TASK DETAILS:
Reproduce exactly the first line of the material below and every line after it, ending with the line that contains "A comparative analysis". No pictures should be copied.

TASK DATA:
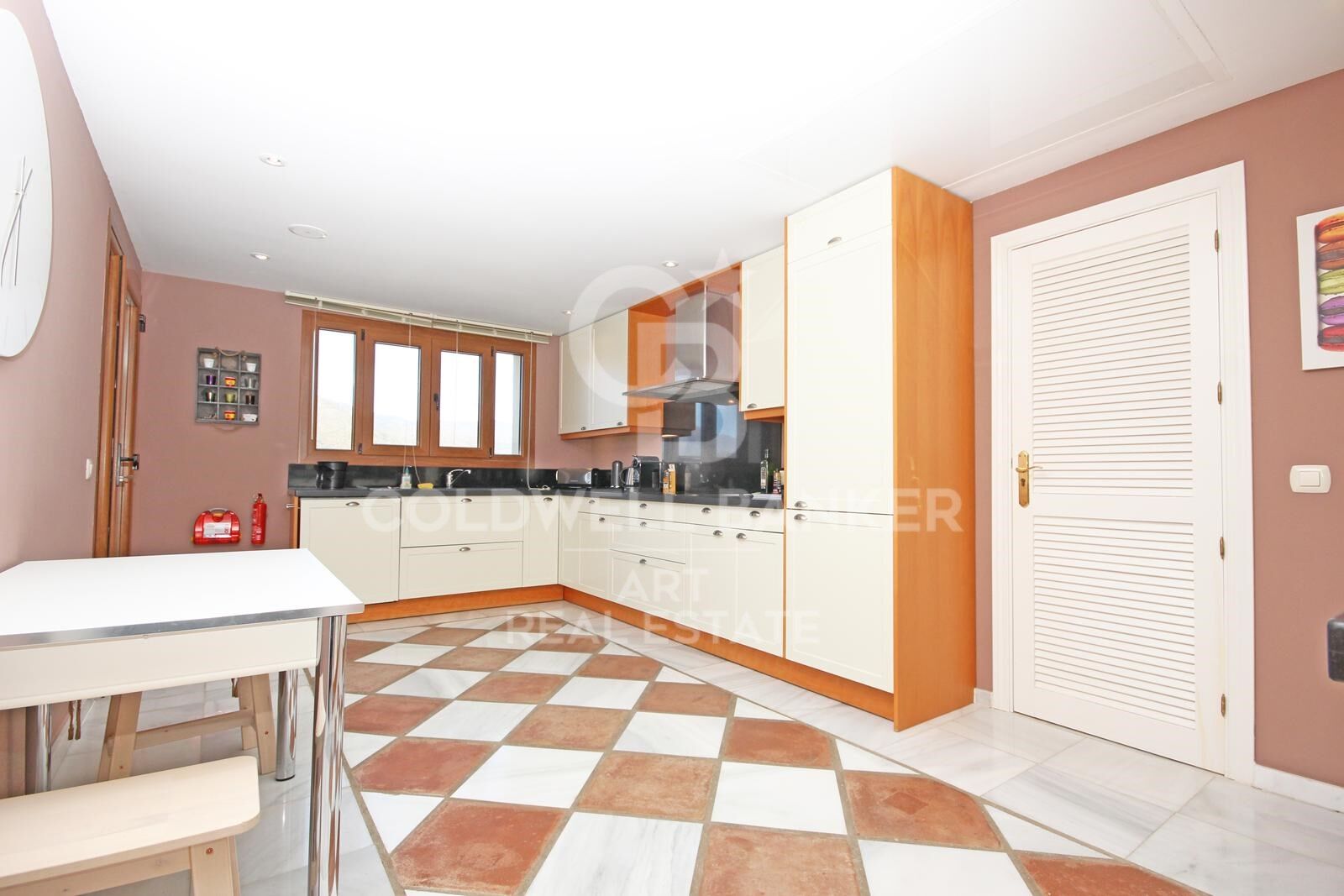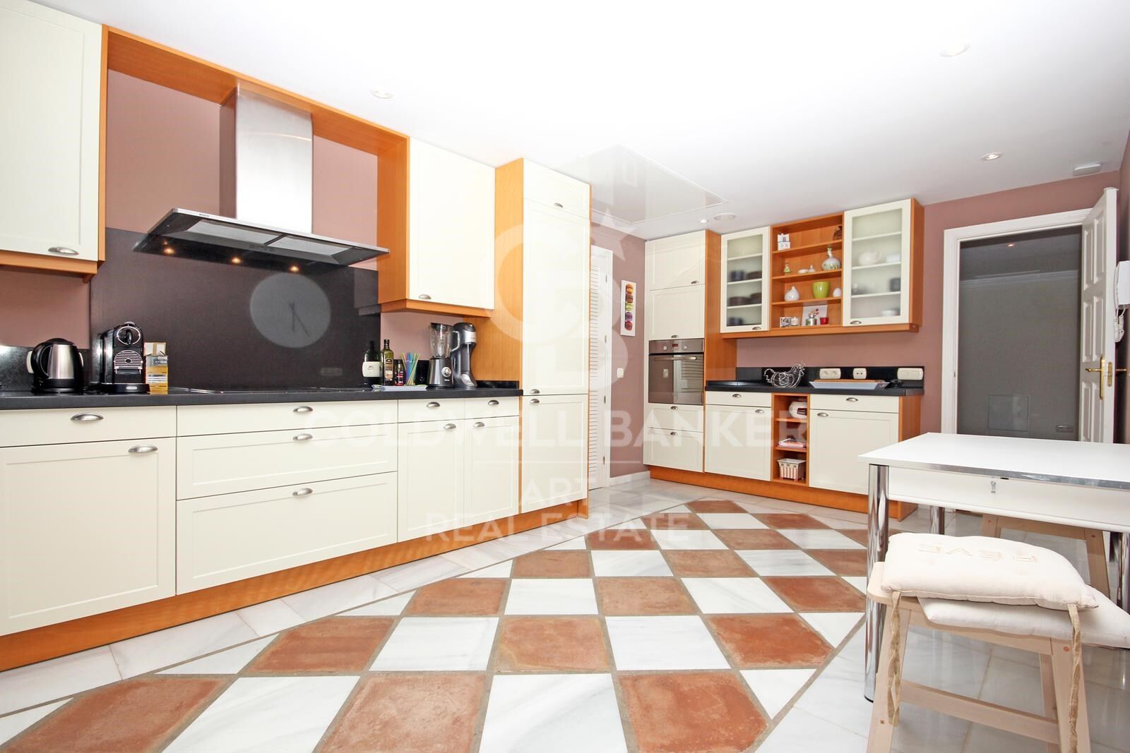 La cocina totalmente equipada, terminada con un alto nivel, es práctica y está bellamente equipada, ideal para la vida diaria o para recibir invitados. La villa también cuenta con un amplio garaje con capacidad para uno o dos vehículos, así como un ascensor privado que conecta todas las plantas, lo que garantiza la facilidad de acceso para todas las edades y niveles de movilidad.
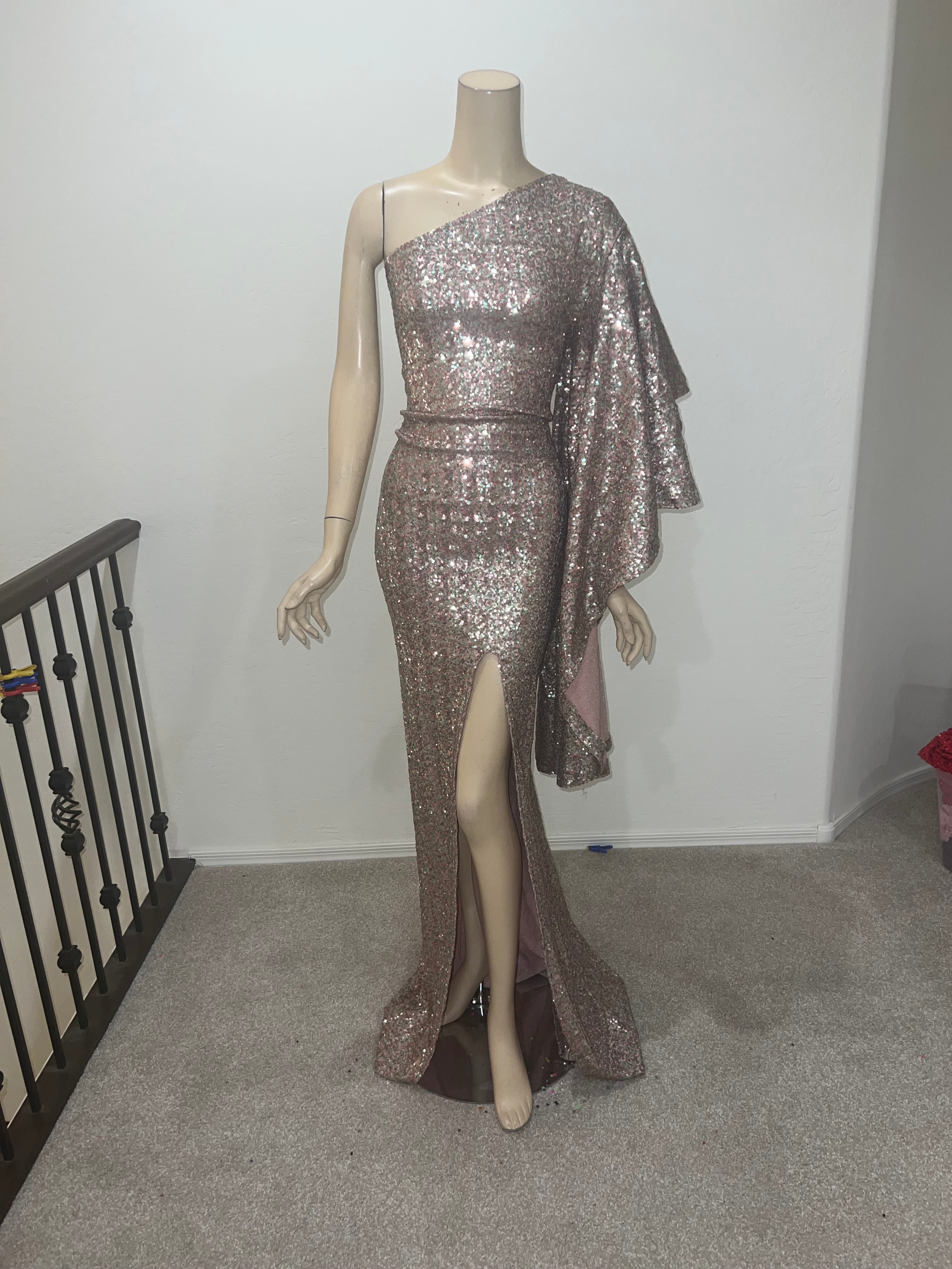 Full length gown with a 1 shoulder drama  sleeve, and a slit on the leg .   Made from a gorgeous champagne sequin with hints of aqua sequin throughout.
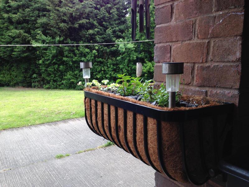 Custom hanging flower baskets for a customer in Broseley.
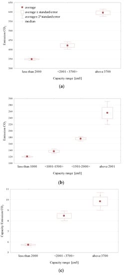 A comparative analysis of car groups was also carried out in terms of the following variables: Emission CO2, Capacity/Emission CO2, Power/Emission CO2. The variable categorizing into independent groups was the category according to the engine displacement. The analysis concerned cars produced in America, Europe, and Asia separately.
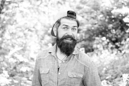 The best in male. male facial care. brutal man with beard. barber. hispter style. Fashion portrait of man. Hair beard care. guy in forest. summer camping. happy bearded man. Mature hipster with beard
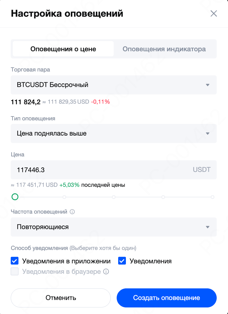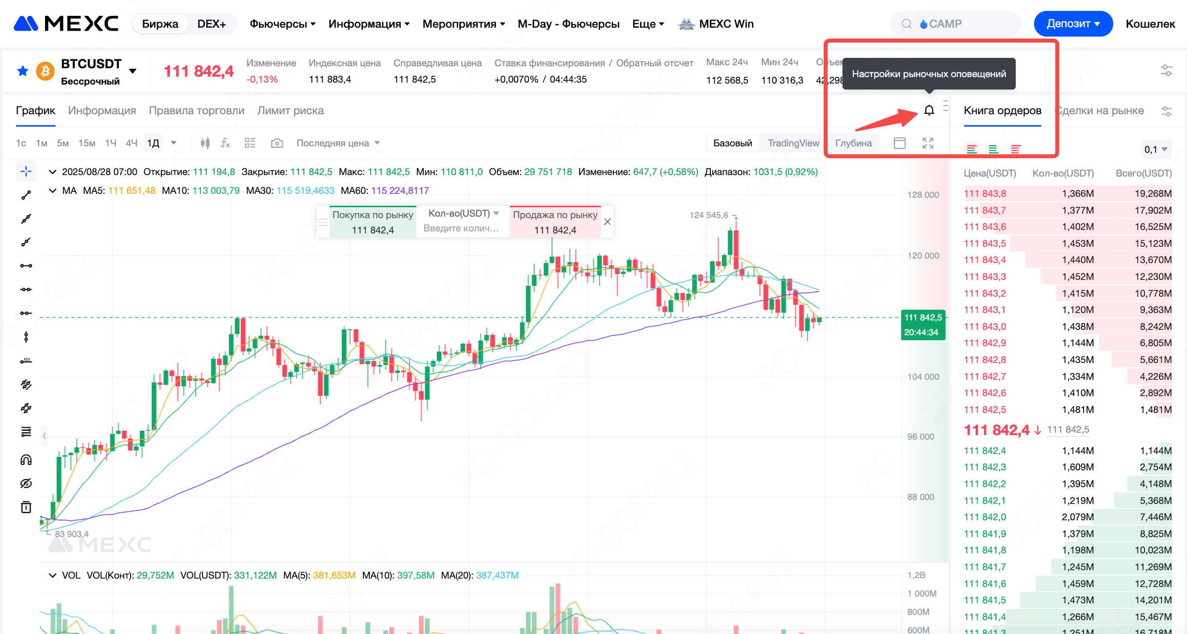 Кроме того, вы можете быстро настроить ценовые оповещения в правом верхнем углу торговой страницы.
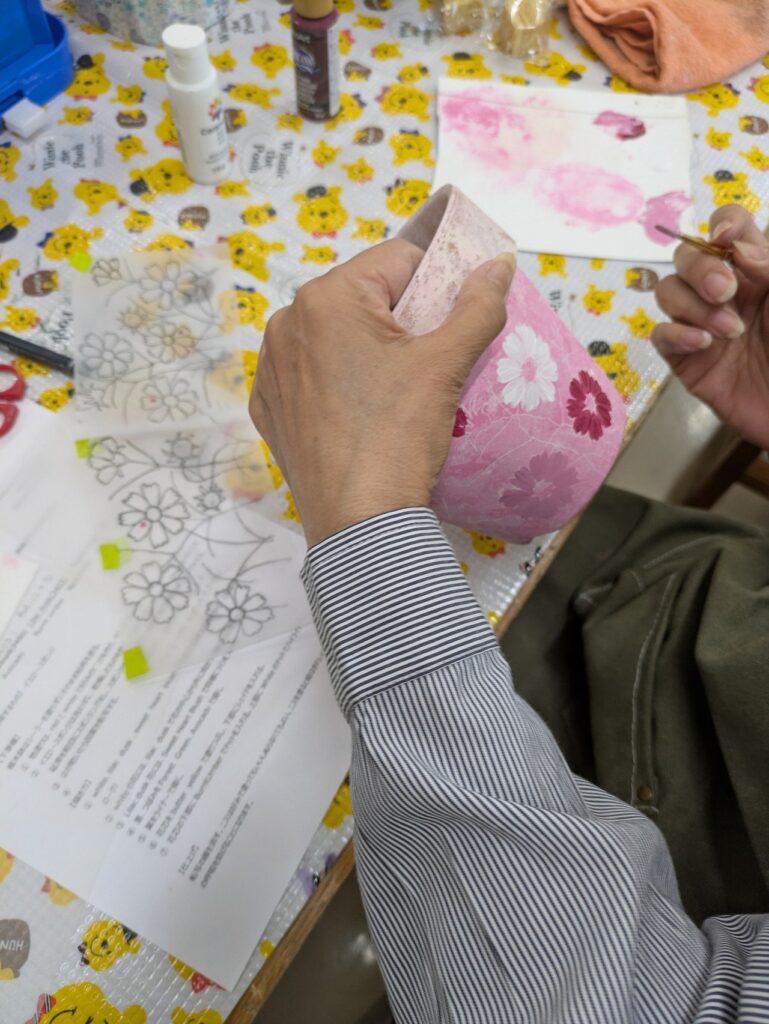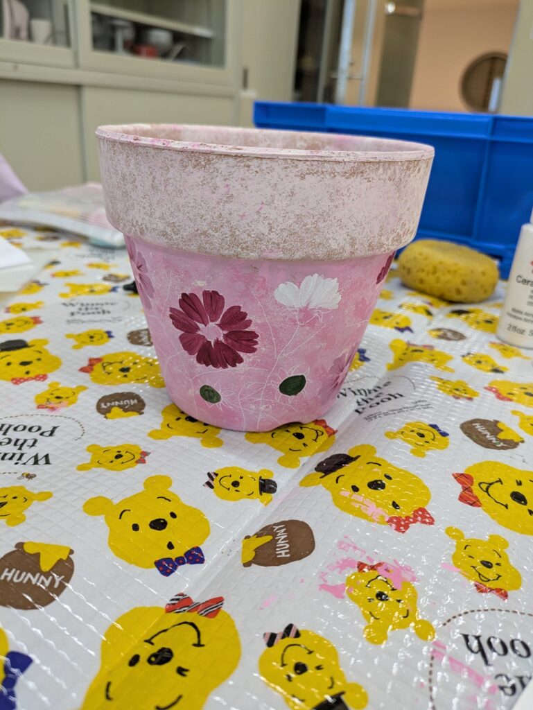 素焼きの植木鉢にお好みの色をのせてコスモスを描いていきます。ピンクがかわいいですね。

WRITTEN SOLUTION:
 La cocina totalmente equipada, terminada con un alto nivel, es práctica y está bellamente equipada, ideal para la vida diaria o para recibir invitados. La villa también cuenta con un amplio garaje con capacidad para uno o dos vehículos, así como un ascensor privado que conecta todas las plantas, lo que garantiza la facilidad de acceso para todas las edades y niveles de movilidad.
 Full length gown with a 1 shoulder drama  sleeve, and a slit on the leg .   Made from a gorgeous champagne sequin with hints of aqua sequin throughout.
 Custom hanging flower baskets for a customer in Broseley.
 A comparative analysis of car groups was also carried out in terms of the following variables: Emission CO2, Capacity/Emission CO2, Power/Emission CO2. The variable categorizing into independent groups was the category according to the engine displacement. The analysis concerned cars produced in America, Europe, and Asia separately.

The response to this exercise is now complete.